15:41:33 engine: file[/tmp/dir1/]: Working...
15:41:33 engine: file[/tmp/dir1/]: CheckApply(true)
15:41:33 engine: file[/tmp/dir1/]: CheckApply(true): Return(true, <nil>)
15:41:33 engine: file[/tmp/file1]: Working...
15:41:33 engine: file[/tmp/file1]: CheckApply(true)
15:41:33 engine: file[/tmp/file1]: CheckApply(true): Return(true, <nil>)
15:41:33 main: destroy...
15:41:33 main: deploy: exited
15:41:33 main: loop: exited
15:41:33 engine: graph sync...
15:41:33 engine: file[/tmp/file1]: Exited...
15:41:33 engine: file[/tmp/dir1/]: Exited...
15:41:33 etcd: destroy...
15:41:33 etcd: got chooser shutdown...
15:41:33 etcd: unvolunteering...
15:41:33 etcd: list of volunteers is empty
15:41:33 etcd: chooser: (jammy=http://localhost:2380)/()
15:41:33 etcd: chooser result(+/-): []/[jammy]
15:41:33 etcd: unnominated: shutting down 1 members...
15:41:33 etcd: unnominate: removing self...
15:41:33 etcd: list of nominations is empty
15:41:33 etcd: server: destroyServer...
15:41:33 etcd: server: runServer: done!
15:41:33 etcd: server: destroyServer: done!
15:41:33 main: goodbye!

Note especially:

15:41:32 main: start: 1709653292375592509
...
15:41:33 main: converged for 3600 seconds, exiting!
ffrank commented 4 months ago

From my reading: When the converger was rewritten, it got shiny new StartTimer() and ResetTimer() methods...but those do not seem to be called.
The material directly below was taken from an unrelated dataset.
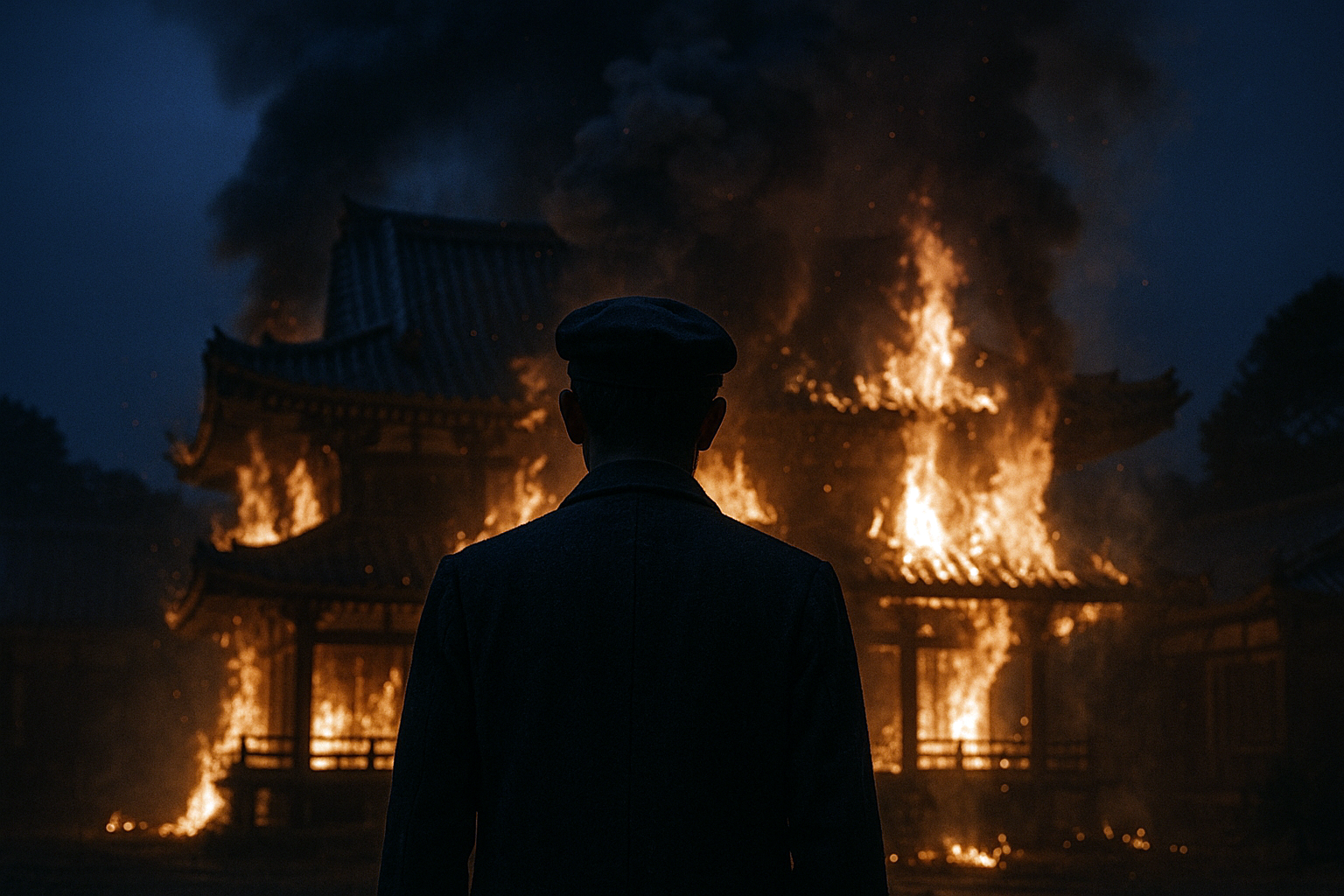 双竜寺が燃えている、と誰かが叫んだ。私は桶を投げ出して駆けつけた。炎は木造の堂を舐めるように広がり、不動堂とそこへ通じる廊下を残して、ほとんどが炭のように崩れ落ちていった。

Instead we add a "StateFn" that fires when we transition from not converged to converged, and immediately shuts down the main loop.
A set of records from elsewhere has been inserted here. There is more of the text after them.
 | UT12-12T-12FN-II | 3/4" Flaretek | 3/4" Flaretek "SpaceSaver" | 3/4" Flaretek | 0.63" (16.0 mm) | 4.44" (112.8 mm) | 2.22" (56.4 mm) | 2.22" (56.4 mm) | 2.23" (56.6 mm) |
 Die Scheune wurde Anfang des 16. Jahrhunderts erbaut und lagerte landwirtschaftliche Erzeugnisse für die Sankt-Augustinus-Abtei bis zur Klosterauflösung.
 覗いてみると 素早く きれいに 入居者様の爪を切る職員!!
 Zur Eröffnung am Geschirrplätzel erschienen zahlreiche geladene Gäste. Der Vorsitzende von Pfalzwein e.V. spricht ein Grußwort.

ffrank commented 4 months ago

As a side note, I think tests are currently passing only because FileRes and friends manage to finish their work before the shutdown hits. (I have added a shell test for my rewritten MountRes and this one does NOT manage to CheckApply before the premature finish.)

purpleidea commented 4 months ago

I am not surprised if this has rotted. Further more the converger package was probably some of the first code I wrote, and it is probably terrible and needs fixing. Thank you for letting me know!

ffrank commented 4 months ago

Upon further reading, I now think it wasn't the 2019 rewrite of the converger package, but rather the 2019 rewrite of the core algorithm in 253ed78 that made us lose those method calls 😅

purpleidea commented 4 months ago

Could be. I'll definitely have to dig into it at some point... My reprieve is that I don't think it's a very high-priority feature anymore, but if you have a real-world use case where it's required, please let me know. This could definitely be a "thing we add when a customer needs it" sort of deal.

ffrank commented 4 months ago

No I agree that it's a terrible crutch in our test shell scripts, and should be replaced with something more sustainable.